Supplied data:
++++++

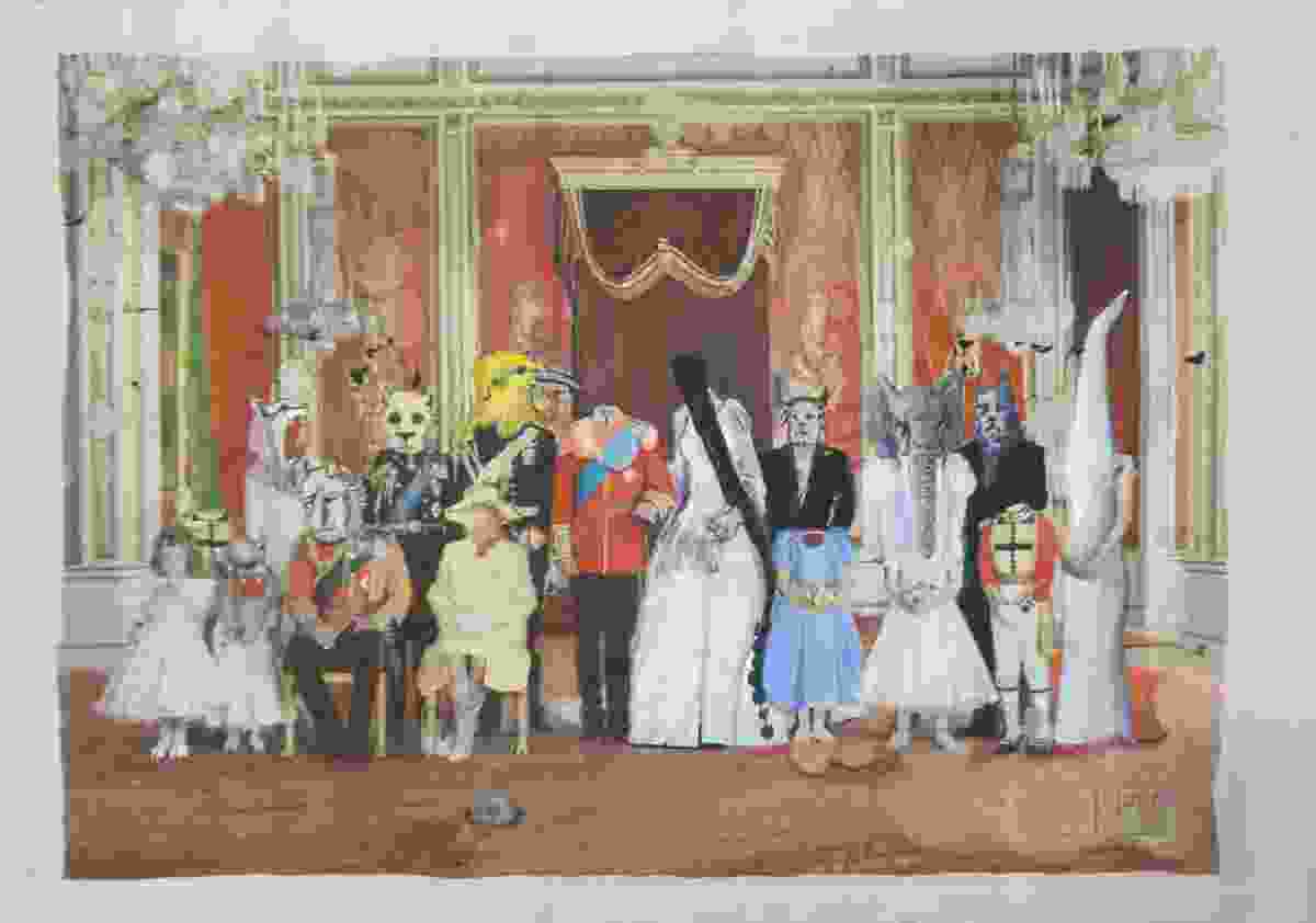 In one still from this work in progress, we see the familiar image of Mr. Middleton escorting his daughter in a grand procession. Her head is all but absent (so is his), and from her neck’s empty socket trails a set of little black balls that look like sex toys. The train of her bridal gown has morphed into an oversize human ear; and, from either side, what appears to be a river of blood emerges. In another still, a presiding priest’s entire face is absent, and has been replaced by a set of garish gaping jaws. Guards mounted atop horses are rendered as menacing centaurs. A state portrait of the royal family brings together a sad elephant, a horse, a toucan, a lion, and, of course, another headless apparition. That Mohammad-Reza Shajarian’s melancholy song “The Reign of Winter” — which narrates a man walking alone through the dead night of winter — is playing softly throughout, only adds to the creepy dissonance of what would otherwise be a carnival of good vibes.
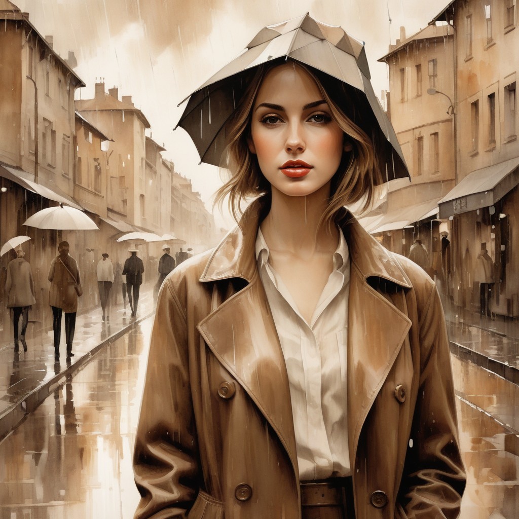 A stylish woman in a fedora and trench coat stands in a rainy, vintage city scene with umbrellas and classic cars.
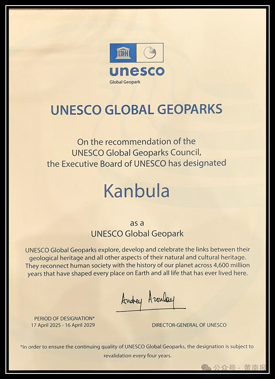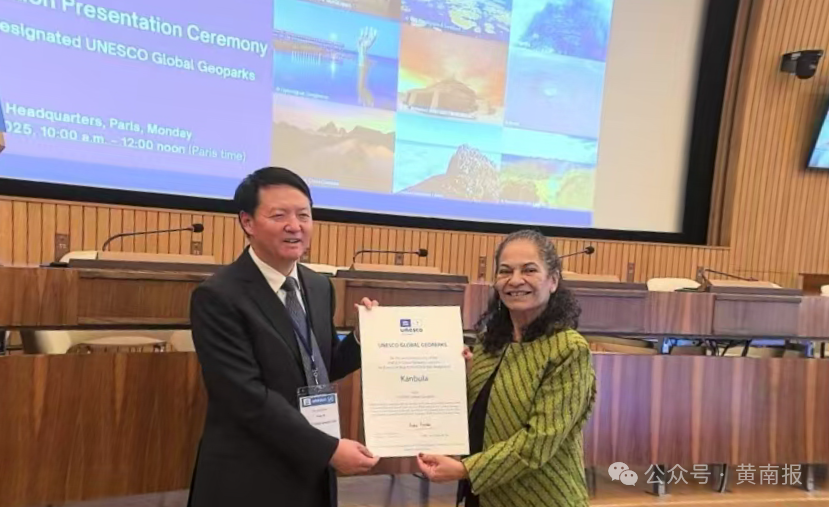 授牌仪式上,青海省黄南藏族自治州委书记朱战民作为坎布拉联合国教科文组织世界地质公园的代表,从教科文组织自然科学助理总干事莉迪亚·布里托女士手中接过了教科文组织总干事亲笔签署的“坎布拉联合国教科文组织世界地质公园”证书,这标志着坎布拉世界地质公园建设将迎来新的发展机遇。
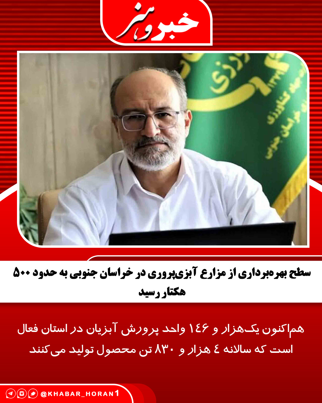 اسفندیاری از شناسایی ۱۲۶ منبع آبی غیرمتعارف با مجموع دبی ۲ هزار و ۳۹۷۷ لیتر در ثانیه خبر داد و گفت: این منابع قابلیت پرورش گونههای مختلف ماهیان را دارند و در صورت اجرای طرحهای زیرساختی و حمایت از سرمایهگذاران میتوانند سالانه تا ۲ هزار و ۴۰۰ میلیارد تومان ارزش افزوده ایجاد کنند.
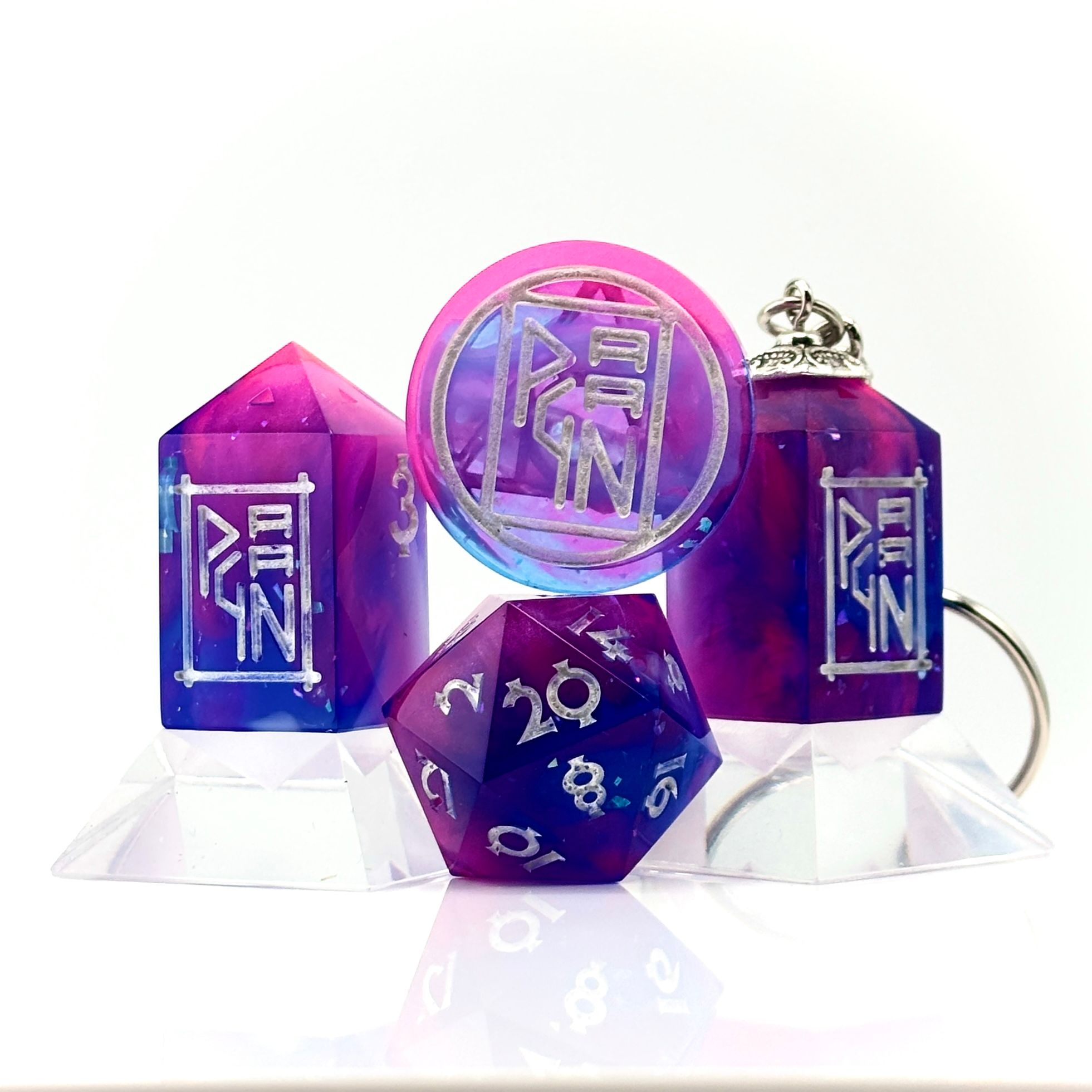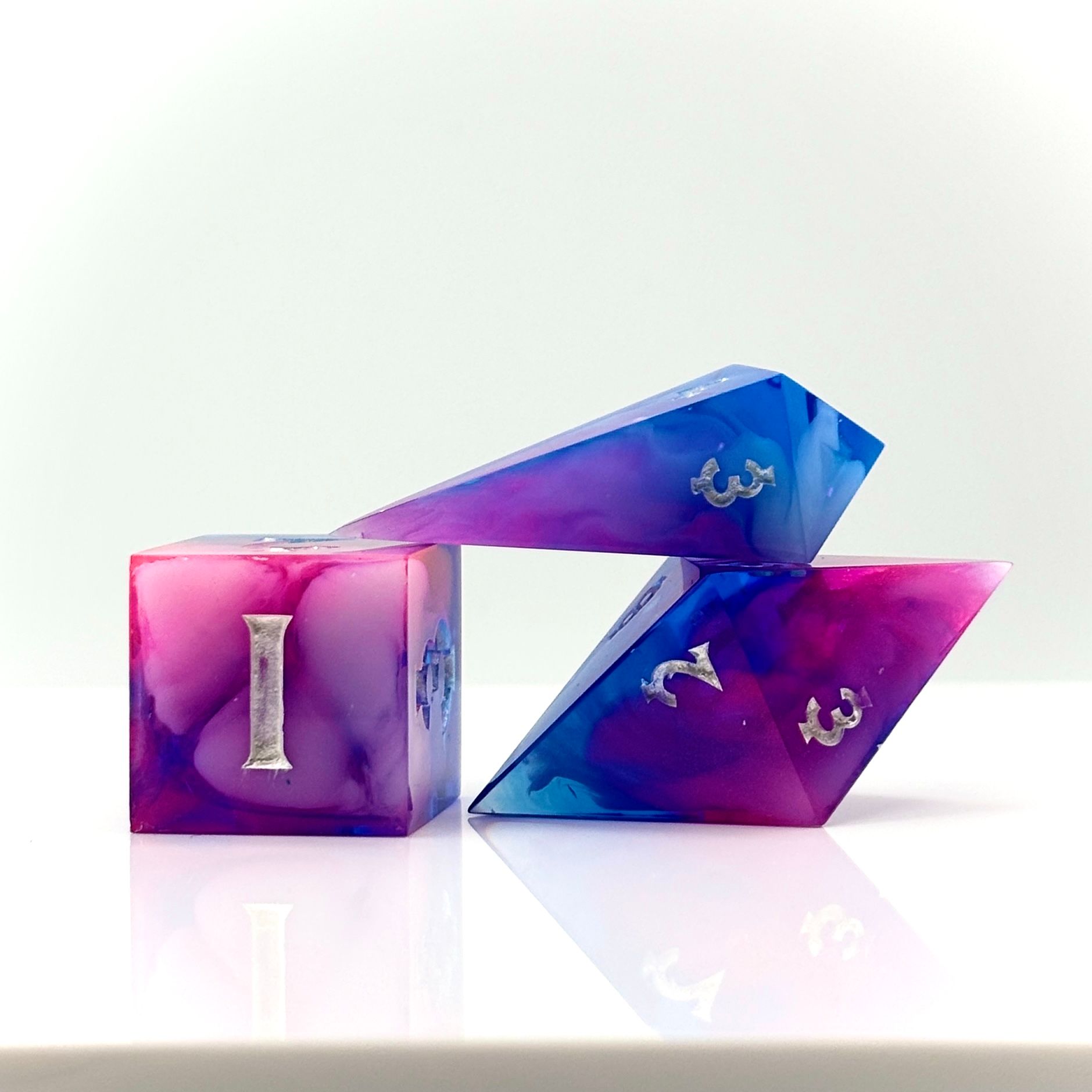 Just a simple and beautiful set of blue to purple cloud dice with a simple opalescent white ink.

++++++

Task to carry out: Leave the pictures out. Otherwise, output the listing above exactly.

Your response:
 In one still from this work in progress, we see the familiar image of Mr. Middleton escorting his daughter in a grand procession. Her head is all but absent (so is his), and from her neck’s empty socket trails a set of little black balls that look like sex toys. The train of her bridal gown has morphed into an oversize human ear; and, from either side, what appears to be a river of blood emerges. In another still, a presiding priest’s entire face is absent, and has been replaced by a set of garish gaping jaws. Guards mounted atop horses are rendered as menacing centaurs. A state portrait of the royal family brings together a sad elephant, a horse, a toucan, a lion, and, of course, another headless apparition. That Mohammad-Reza Shajarian’s melancholy song “The Reign of Winter” — which narrates a man walking alone through the dead night of winter — is playing softly throughout, only adds to the creepy dissonance of what would otherwise be a carnival of good vibes.
 A stylish woman in a fedora and trench coat stands in a rainy, vintage city scene with umbrellas and classic cars.
 授牌仪式上,青海省黄南藏族自治州委书记朱战民作为坎布拉联合国教科文组织世界地质公园的代表,从教科文组织自然科学助理总干事莉迪亚·布里托女士手中接过了教科文组织总干事亲笔签署的“坎布拉联合国教科文组织世界地质公园”证书,这标志着坎布拉世界地质公园建设将迎来新的发展机遇。
 اسفندیاری از شناسایی ۱۲۶ منبع آبی غیرمتعارف با مجموع دبی ۲ هزار و ۳۹۷۷ لیتر در ثانیه خبر داد و گفت: این منابع قابلیت پرورش گونههای مختلف ماهیان را دارند و در صورت اجرای طرحهای زیرساختی و حمایت از سرمایهگذاران میتوانند سالانه تا ۲ هزار و ۴۰۰ میلیارد تومان ارزش افزوده ایجاد کنند.
 Just a simple and beautiful set of blue to purple cloud dice with a simple opalescent white ink.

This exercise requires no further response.